Samira Makhmalbaf war 20 Jahre, als sie diesen Film drehte, für den sie im Jahr 2000 beim Festival von Cannes den Jurypreis erhielt. Sie schrieb das Drehbuch gemeinsam mit ihrem Vater, dem berühmten Regisseur Mohsen Makhmalbaf, von dem sie auch das Filmemachen lernte. Wie bei ihrem ebenfalls hochdekorierten Erstlingsfilm „Der Apfel“ (fd 33 986) ist es schwer einzuschätzen, inwieweit ihr Vater auch bei der Regie zur Hand ging; da es aber einen Dokumentarfilm über die Dreharbeiten gibt, weiß man, dass die schöne Grundidee des Films – die Lehrer mit ihren Tafeln, die sich ihre Schüler selbst suchen müssen, um ihren Lebensunterhalt zu verdienen – von Samira stammt. „Schwarze Tafeln“ ist das, was man einen typischen iranischen Film nennt: wortkarg, schöne Bilder, Kinder, gebildete Menschen treffen auf einfache Menschen, eine universelle Geschichte. Die einsame Berglandschaft ist dieselbe wie in „Die Zeit der trunkenen Pferde“ (fd 35 110) von Bahman Ghobadi (der hier als Darsteller des Said zu sehen ist), und wie viele andere iranische Filmemacher arbeitet auch Samira weitgehend mit Laiendarstellern.

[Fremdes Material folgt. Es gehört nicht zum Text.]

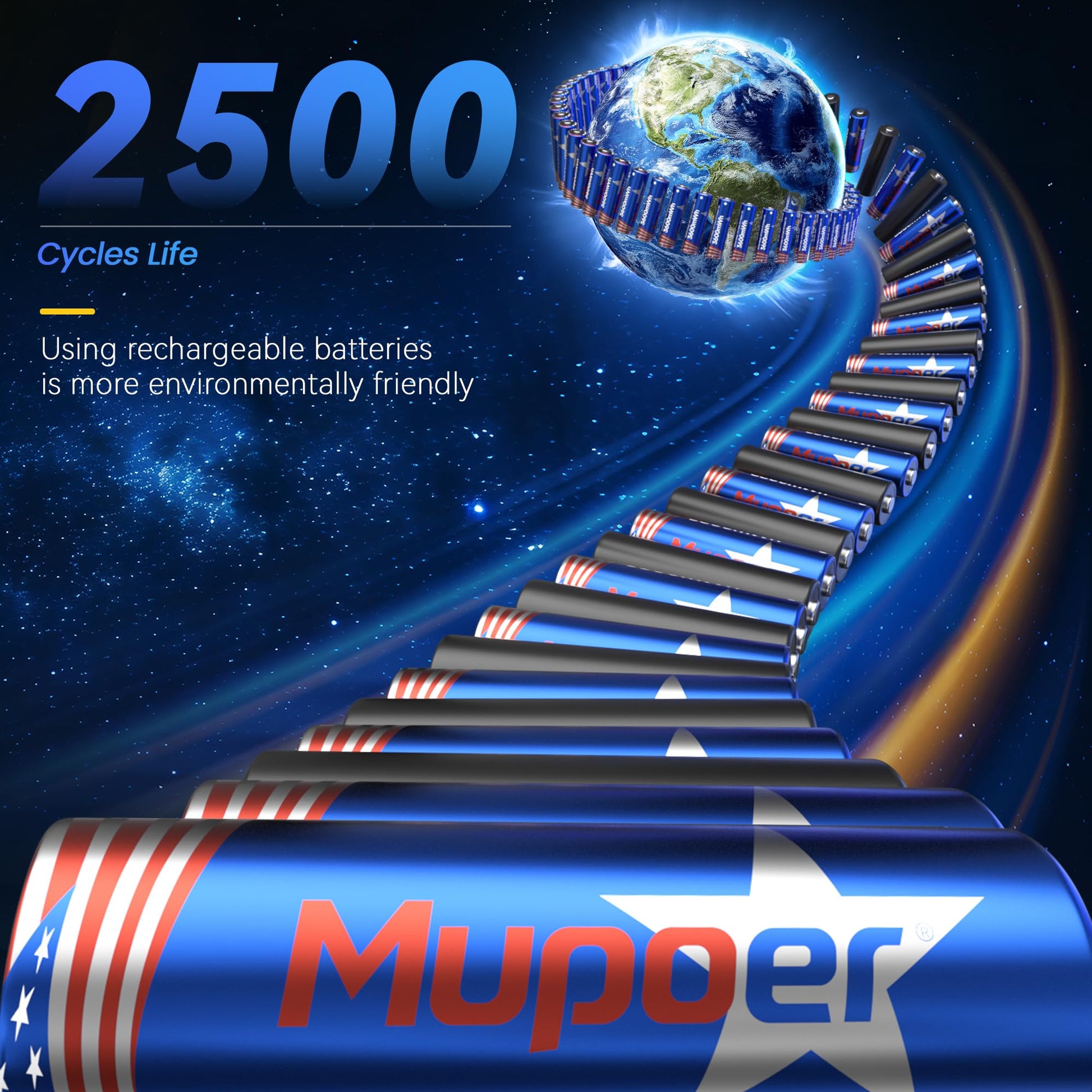- 2500 Cycle Life 0V Activation:Rechargeable aa batteries can be charged up to 2500 times, with no memory effect and low discharge rate, saving you a lot of money. Even if the battery is out of power and the voltage is 0V, the charger can directly activate the refresh battery for charging
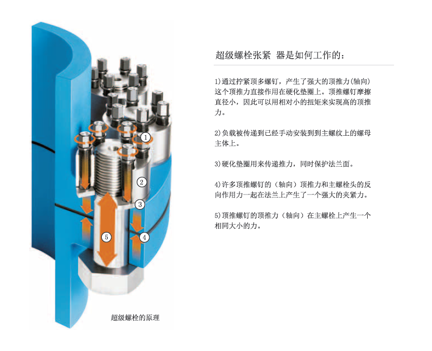 超級(jí)螺栓張緊器被設(shè)計(jì)來(lái)直接取代傳統(tǒng)的螺母和螺栓。這些裝置可以旋合于一個(gè)新的或者現(xiàn)有的螺栓,螺柱,螺桿或者軸上。主螺紋用于安置緊張器在螺栓或者螺柱上并靠在硬化墊圈及承載面上,一旦安置到位,螺栓或者螺柱的實(shí)際的張緊通過(guò)簡(jiǎn)單的手動(dòng)工具來(lái)擰緊環(huán)繞主螺紋一圈的頂推螺釘來(lái)實(shí)現(xiàn)。頂推螺釘均勻地傳遞預(yù)緊力到主螺紋上,從而,也傳遞到連接件上。主螺紋被純張力鎖緊。
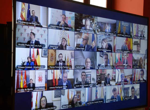 El alcalde de Murcia, José Ballesta, mantuvo una reunión esta mañana con el presidente del Gobierno, Pedro Sánchez, en la que participaron también los alcaldes de la Junta Directiva de la Federación Española de Municipios y Provincias (FEMP), con motivo de la crisis sanitaria y socioeconómica generada por la pandemia mundial del COVID-19.
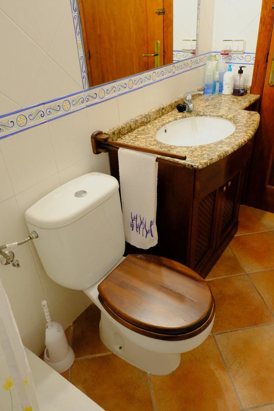 Tre badrum och en gästtoalett, ett av badrummen är utrustat med ett hörnbadkar, toalett, bidé och handfat med kommod.
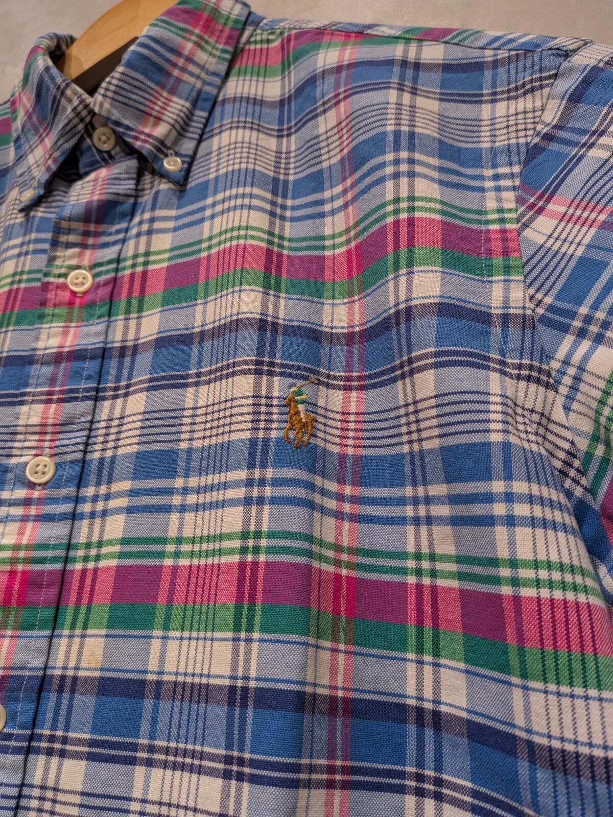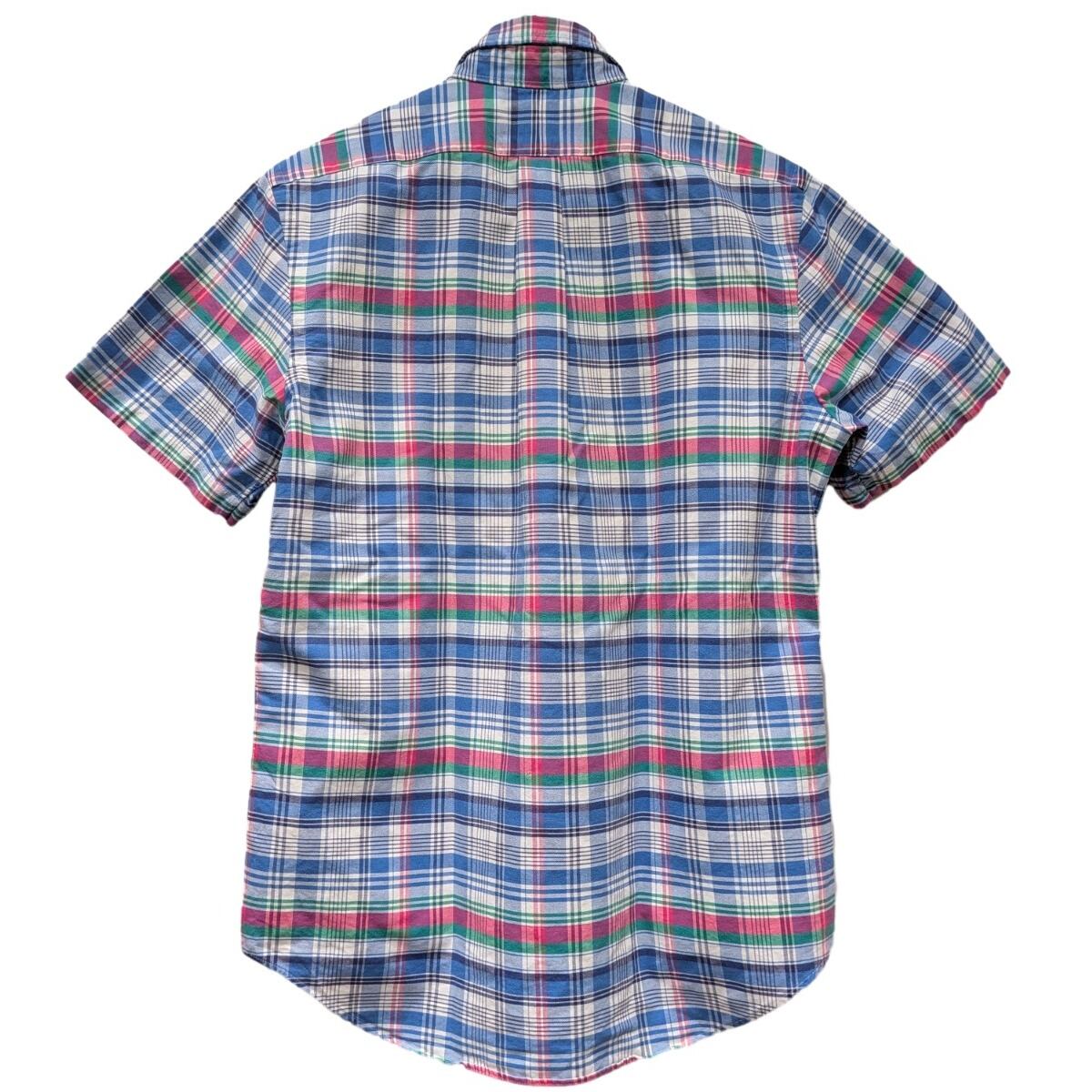 短めの袖丈にボタンダウン、マドラス風の明るめチェック──こうしたシャツは90sから定着したプレッピースタイルの定番です。

Der inhaltlich komplexe Film hat durchaus einige inszenatorische Schwächen und Längen und ist von daher nicht ganz so beeindruckend wie ihr Debütfilm. Das Ungewöhnliche an ihm ist vor allem, dass der Regisseurin ein Road Movie mit Fußgängern gelungen ist, einen Film, in dem es fast nur Männer gibt, dass er in Kurdisch gedreht ist (im Original mit Untertitel in Farsi) und dass zwei stimmige Geschichten sehr lose miteinander verbunden sind, fast schon im Sinne einer nachdenklichen Lektion oder auch einer biblischen Geschichte, dass jeder sein Kreuz tragen muss, nicht nur, weil das Leben in der kaum besiedelten Bergregion voller Entbehrungen ist.

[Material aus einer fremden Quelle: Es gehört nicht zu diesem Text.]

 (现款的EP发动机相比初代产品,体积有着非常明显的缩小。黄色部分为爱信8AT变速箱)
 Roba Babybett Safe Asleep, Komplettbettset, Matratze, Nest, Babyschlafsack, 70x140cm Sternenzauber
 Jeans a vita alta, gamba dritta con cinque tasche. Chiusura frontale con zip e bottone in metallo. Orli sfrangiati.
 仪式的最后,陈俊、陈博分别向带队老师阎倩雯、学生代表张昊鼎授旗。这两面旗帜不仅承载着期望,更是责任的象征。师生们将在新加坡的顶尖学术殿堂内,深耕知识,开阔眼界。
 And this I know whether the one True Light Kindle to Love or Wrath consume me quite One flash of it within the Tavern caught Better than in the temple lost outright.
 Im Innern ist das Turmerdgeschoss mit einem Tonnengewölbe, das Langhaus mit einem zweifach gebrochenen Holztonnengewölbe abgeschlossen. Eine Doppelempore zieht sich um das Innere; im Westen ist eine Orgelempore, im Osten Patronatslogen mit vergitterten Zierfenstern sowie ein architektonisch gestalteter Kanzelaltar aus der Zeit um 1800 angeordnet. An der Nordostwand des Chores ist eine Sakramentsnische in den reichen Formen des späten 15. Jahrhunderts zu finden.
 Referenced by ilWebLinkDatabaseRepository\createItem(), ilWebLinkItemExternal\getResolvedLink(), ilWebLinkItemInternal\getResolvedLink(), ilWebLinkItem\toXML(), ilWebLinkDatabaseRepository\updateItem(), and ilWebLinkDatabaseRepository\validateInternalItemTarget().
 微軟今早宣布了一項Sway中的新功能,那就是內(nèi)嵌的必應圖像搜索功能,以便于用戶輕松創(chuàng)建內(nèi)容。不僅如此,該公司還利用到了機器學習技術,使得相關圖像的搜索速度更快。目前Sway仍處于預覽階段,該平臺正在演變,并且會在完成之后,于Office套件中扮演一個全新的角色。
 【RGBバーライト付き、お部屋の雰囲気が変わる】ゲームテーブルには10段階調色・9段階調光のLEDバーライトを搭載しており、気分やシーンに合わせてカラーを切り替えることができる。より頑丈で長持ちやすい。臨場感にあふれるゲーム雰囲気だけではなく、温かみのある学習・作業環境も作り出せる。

Im Vordergrund steht nicht das Wissen in Form der Tafeln, sondern der soziale und humanitäre Aspekt, weil es darum geht, wie sich ein Fremder in eine Gruppe integrieren kann. Beide Lehrer schaffen es eigentlich nur, weil sie penetrant und zuvorkommend zugleich sind – und weil sie erkennen, dass es wichtiger sein kann, anderen beim täglichen Kampf ums Überleben zu helfen als ihnen Schreiben und Lesen beizubringen. Symbol dafür ist, dass beide Lehrer ihre Schultafeln freiwillig weggeben und gerade jener Junge stirbt, der ein bisschen schreiben gelernt hat; auch, dass der Lehrer gar nicht die richtige Sprache beherrscht und er in dem Fall, wo er als Schriftgelehrter versagt, als Psychologe erfolgreich ist. So ist der Film auch eine philosophische Studie über das Überwinden von politischen, sozialen und mentalen Grenzen, was man erst mühsam lernen muss, aber eben auch lernen kann.